● EXERCISE OBJECTIVE: Set down, exactly and with no pictures, the line that contains "United States' Sam" and all lines after it in the listing.
[[ RECORDS TO PROCESS, beginning ]]
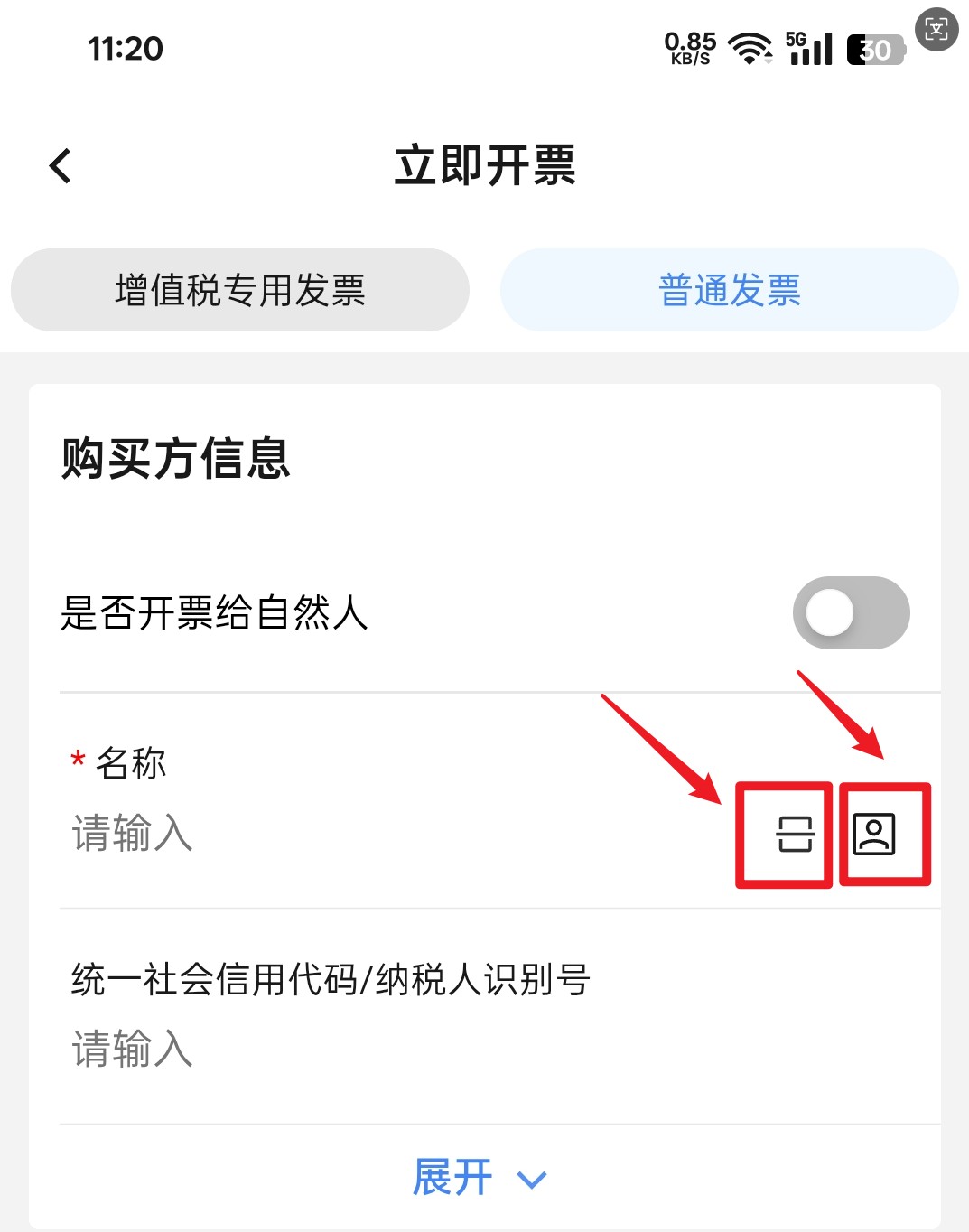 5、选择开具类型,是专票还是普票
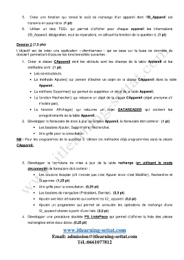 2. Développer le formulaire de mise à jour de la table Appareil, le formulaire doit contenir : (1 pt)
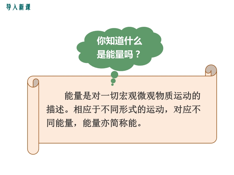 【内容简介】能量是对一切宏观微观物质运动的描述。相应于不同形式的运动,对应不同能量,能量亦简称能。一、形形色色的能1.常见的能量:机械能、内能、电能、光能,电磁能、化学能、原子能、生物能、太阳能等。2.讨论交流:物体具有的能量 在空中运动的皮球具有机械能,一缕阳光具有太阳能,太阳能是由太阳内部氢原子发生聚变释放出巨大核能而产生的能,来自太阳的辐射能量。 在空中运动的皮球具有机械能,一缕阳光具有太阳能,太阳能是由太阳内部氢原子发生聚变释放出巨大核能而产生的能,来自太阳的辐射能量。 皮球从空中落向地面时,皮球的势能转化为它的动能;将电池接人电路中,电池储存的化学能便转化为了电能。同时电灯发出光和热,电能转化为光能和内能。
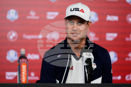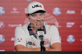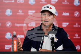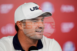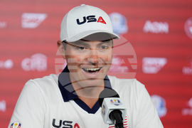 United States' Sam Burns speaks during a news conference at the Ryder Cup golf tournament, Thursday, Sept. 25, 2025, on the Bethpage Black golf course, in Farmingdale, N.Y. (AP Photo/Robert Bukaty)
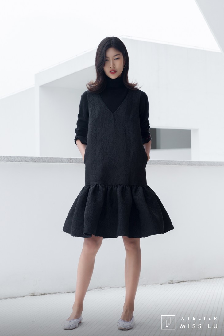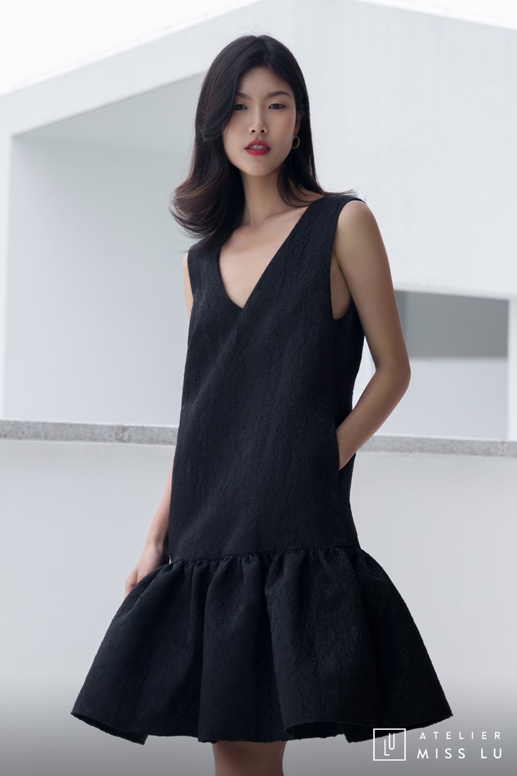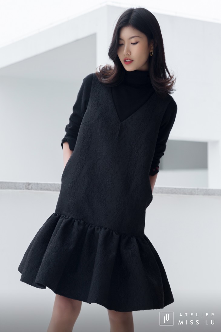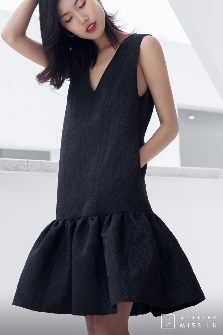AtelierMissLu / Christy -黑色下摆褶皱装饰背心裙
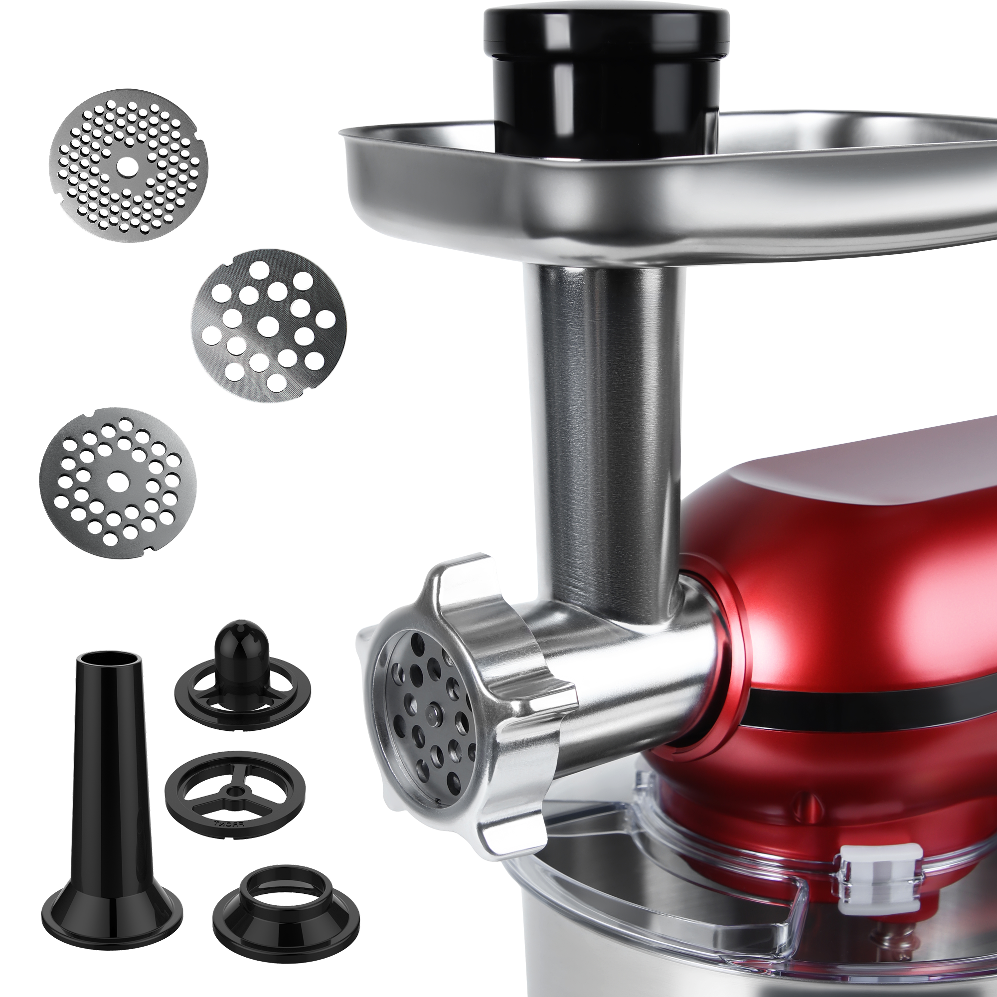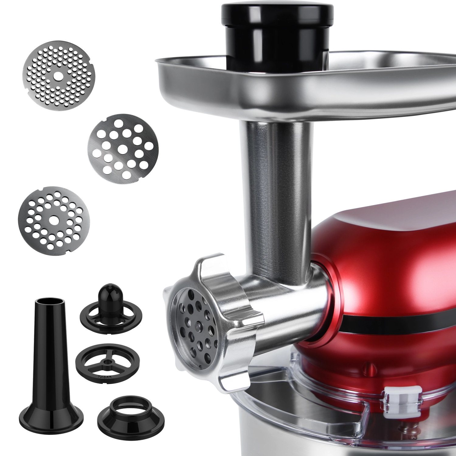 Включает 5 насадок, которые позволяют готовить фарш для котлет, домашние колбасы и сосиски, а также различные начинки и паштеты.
[[ RECORDS TO PROCESS, end ]]
● TASK ANSWER:
 United States' Sam Burns speaks during a news conference at the Ryder Cup golf tournament, Thursday, Sept. 25, 2025, on the Bethpage Black golf course, in Farmingdale, N.Y. (AP Photo/Robert Bukaty)
AtelierMissLu / Christy -黑色下摆褶皱装饰背心裙
 Включает 5 насадок, которые позволяют готовить фарш для котлет, домашние колбасы и сосиски, а также различные начинки и паштеты.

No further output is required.